The headline on the German tabloid Bild asked: "Was this a targeted attack on us?"
But German Interior Minister Thomas de Maiziere said there were no indications Germans were singled out.
He encouraged Germans to continue to travel to Turkey. "We don't want to change our behavior," he said.
The last time Germany experienced such a deadly attack on its citizens was 2002. A suicide attack on a historic synagogue in Djerba, Tunisia, killed 14 German tourists, three Tunisians and two French citizens.
Some 4 million Germans visited Turkey in 2015, more than from any other country, according to the Ministry of Culture and Tourism. Turkey is second only to Spain as a stop for German vacationers.
Upping the ante
The attack took place in an area heavily guarded by Turkish security forces.
Sajjan Gohel, international security director at the Asia-Pacific Foundation, thought it was significant that it targeted a square that is both a draw for tourists and significant to Turkey's history and its diverse cultural identity -- the type of place, he said, "that ISIS is so deeply opposed to."
"The type of monuments that are in Sultanahmet Square are the type that ISIS has been blowing up in Syria," Gohel told CNN. "It's seen as a place where you have a mesh of different entities. It's a real melting pot."
If Tuesday's blast is confirmed to be the work of the terrorist group, that will force Ankara to step up its anti-ISIS fight, Gohel said.
"An attack like this is designed to create economic, political and social consequences," he said. "Turkey has to realize that the pipeline that feeds ISIS from Turkey to Syria has to now be cut off, because incidents like this are not one-offs. This could be part of a series of plots."
Spilling over
To find the likely source of the violence, one only has to look south to Syria, where a civil war has raged for nearly five years.
The conflict has claimed more than 250,000 lives, according to the United Nations. More than half the country's 17 million residents have fled, and a humanitarian crisis remains for those left behind.
The violence can be blamed on many groups, including forces loyal to Syrian President Bashar al-Assad. But ISIS has been behind many of the worst atrocities.
After initially doing little to fight ISIS, Turkey, a member of NATO, has increasingly become engaged in the fight.

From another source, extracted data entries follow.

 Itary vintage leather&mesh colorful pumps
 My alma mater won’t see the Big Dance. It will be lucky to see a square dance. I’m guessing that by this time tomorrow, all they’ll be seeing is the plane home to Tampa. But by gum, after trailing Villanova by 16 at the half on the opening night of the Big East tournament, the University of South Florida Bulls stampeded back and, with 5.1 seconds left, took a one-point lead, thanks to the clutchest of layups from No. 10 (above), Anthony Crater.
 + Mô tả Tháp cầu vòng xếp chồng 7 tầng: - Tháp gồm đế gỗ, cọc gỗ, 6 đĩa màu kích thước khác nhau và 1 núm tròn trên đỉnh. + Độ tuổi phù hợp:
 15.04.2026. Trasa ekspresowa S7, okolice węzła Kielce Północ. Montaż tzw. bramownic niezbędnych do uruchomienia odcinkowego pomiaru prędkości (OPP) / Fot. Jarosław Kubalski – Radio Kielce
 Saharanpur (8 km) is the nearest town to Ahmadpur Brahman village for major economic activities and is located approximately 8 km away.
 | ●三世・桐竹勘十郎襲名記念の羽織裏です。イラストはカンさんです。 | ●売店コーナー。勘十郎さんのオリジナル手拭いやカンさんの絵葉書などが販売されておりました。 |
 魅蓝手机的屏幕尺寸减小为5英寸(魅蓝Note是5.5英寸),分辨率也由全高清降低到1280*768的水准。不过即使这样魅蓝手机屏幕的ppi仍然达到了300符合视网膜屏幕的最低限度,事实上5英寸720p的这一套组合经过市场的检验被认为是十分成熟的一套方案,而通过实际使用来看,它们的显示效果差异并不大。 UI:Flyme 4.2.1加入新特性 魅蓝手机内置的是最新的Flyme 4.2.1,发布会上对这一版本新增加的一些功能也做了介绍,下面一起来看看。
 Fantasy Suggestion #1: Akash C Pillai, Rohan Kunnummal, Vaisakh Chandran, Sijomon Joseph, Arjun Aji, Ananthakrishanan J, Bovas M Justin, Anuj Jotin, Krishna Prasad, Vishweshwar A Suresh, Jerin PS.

It has begun allowing the United States to launch strikes from Incirlik Air Base in southern Turkey, and it is trying, too, to prevent more fighters from going through its territory to join ISIS.
ISIS has responded by singling out Turkey as a primary target, and a recent issue of its Dabiq magazine had a cover showing Turkish President Recep Tayyip Erdogan alongside U.S. President Barack Obama.
Turkey's military cooperation with the United States and other NATO nations in particular has angered ISIS, said Fadi Hakura, associate fellow at Chatham House, a London-based think tank.
Investigators blamed ISIS for two suicide blasts in October that hit a lunchtime peace rally in Ankara, in which demonstrators were calling for an end to the renewed conflict between the Kurdistan Workers' Party, known as the PKK, and the Turkish government. Those explosions killed as many as 100 people and injured more than 240 others.